**ACTIVITY**
The records that follow are to be repeated exactly, with no pictures carried over.

**RECORDS TO PROCESS**
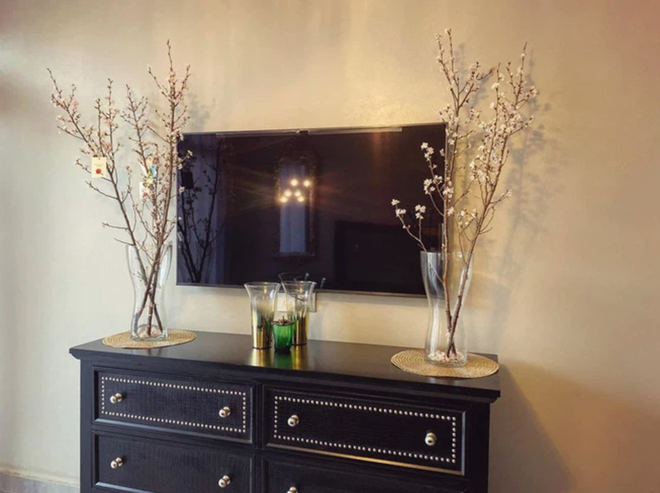 Có thể thấy phòng ngủ của Minh Hà trông rất chẳng khác gì khách sạn với đồ nội thất sang chảnh ton sur ton. Căn phòng này mang phong cách tân cổ điển với tone màu chủ đạo là xanh xám. Các món đồ decor đều rất nhẹ nhàng và ăn nhập với tổng thể chung. Chỉ cần ở trong phòng thôi mà Minh Hà cũng đã có kha khá ảnh sống ảo rồi đấy!
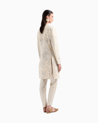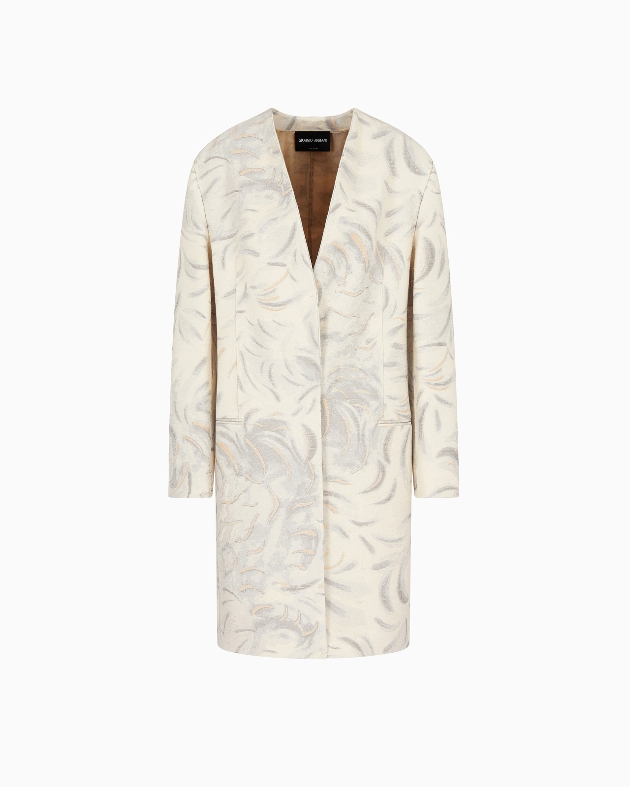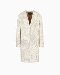 Sophisticated overcoat made of luxurious tussah silk in a delicate ivory colour. Featuring shawl lapels, a concealed button placket and side slits, the style is embellished with a sophisticated fil coupe knit with the urban tiger motif, the recurring theme of the entire ready-to-wear collection, which reinterprets the animal print in the brand’s hallmark style. A special piece designed to complete numerous looks with distinction. Shawl collar Concealed button closure Two front welt pockets Long side slits Canvassed style Length: 90 cm Made in Italy Product Code: GW000848TE14277F1079
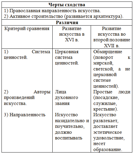 10. Сравните развитие искусства в XVI в. и во второй половине XVII в. Заполните таблицу.
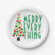 Modern and minimalist style holiday design features Christmas tree with red and green ball ornaments, green "Merry Every Thing" text and white background.
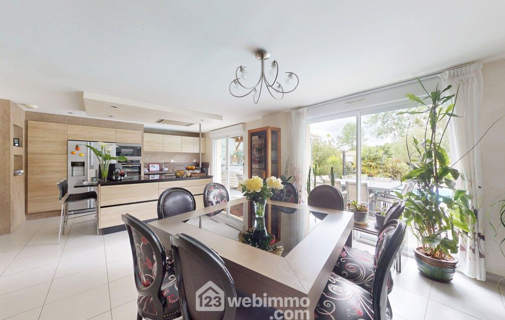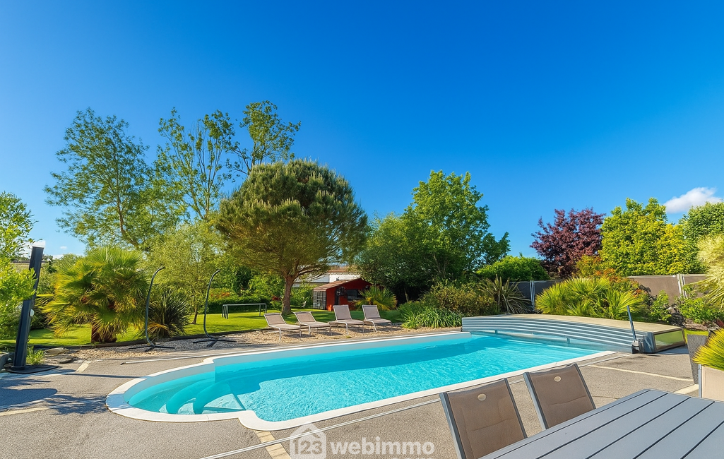 Depuis le séjour, vous profitez d'une vue dégagée sur le jardin soigneusement paysagé et la magnifique piscine chauffée de 10x4,5 m, couverte par un dôme amovible, parfaite pour des baignades toute l'année.

**TASK OUTPUT**
 Có thể thấy phòng ngủ của Minh Hà trông rất chẳng khác gì khách sạn với đồ nội thất sang chảnh ton sur ton. Căn phòng này mang phong cách tân cổ điển với tone màu chủ đạo là xanh xám. Các món đồ decor đều rất nhẹ nhàng và ăn nhập với tổng thể chung. Chỉ cần ở trong phòng thôi mà Minh Hà cũng đã có kha khá ảnh sống ảo rồi đấy!
 Sophisticated overcoat made of luxurious tussah silk in a delicate ivory colour. Featuring shawl lapels, a concealed button placket and side slits, the style is embellished with a sophisticated fil coupe knit with the urban tiger motif, the recurring theme of the entire ready-to-wear collection, which reinterprets the animal print in the brand’s hallmark style. A special piece designed to complete numerous looks with distinction. Shawl collar Concealed button closure Two front welt pockets Long side slits Canvassed style Length: 90 cm Made in Italy Product Code: GW000848TE14277F1079
 10. Сравните развитие искусства в XVI в. и во второй половине XVII в. Заполните таблицу.
 Modern and minimalist style holiday design features Christmas tree with red and green ball ornaments, green "Merry Every Thing" text and white background.
 Depuis le séjour, vous profitez d'une vue dégagée sur le jardin soigneusement paysagé et la magnifique piscine chauffée de 10x4,5 m, couverte par un dôme amovible, parfaite pour des baignades toute l'année.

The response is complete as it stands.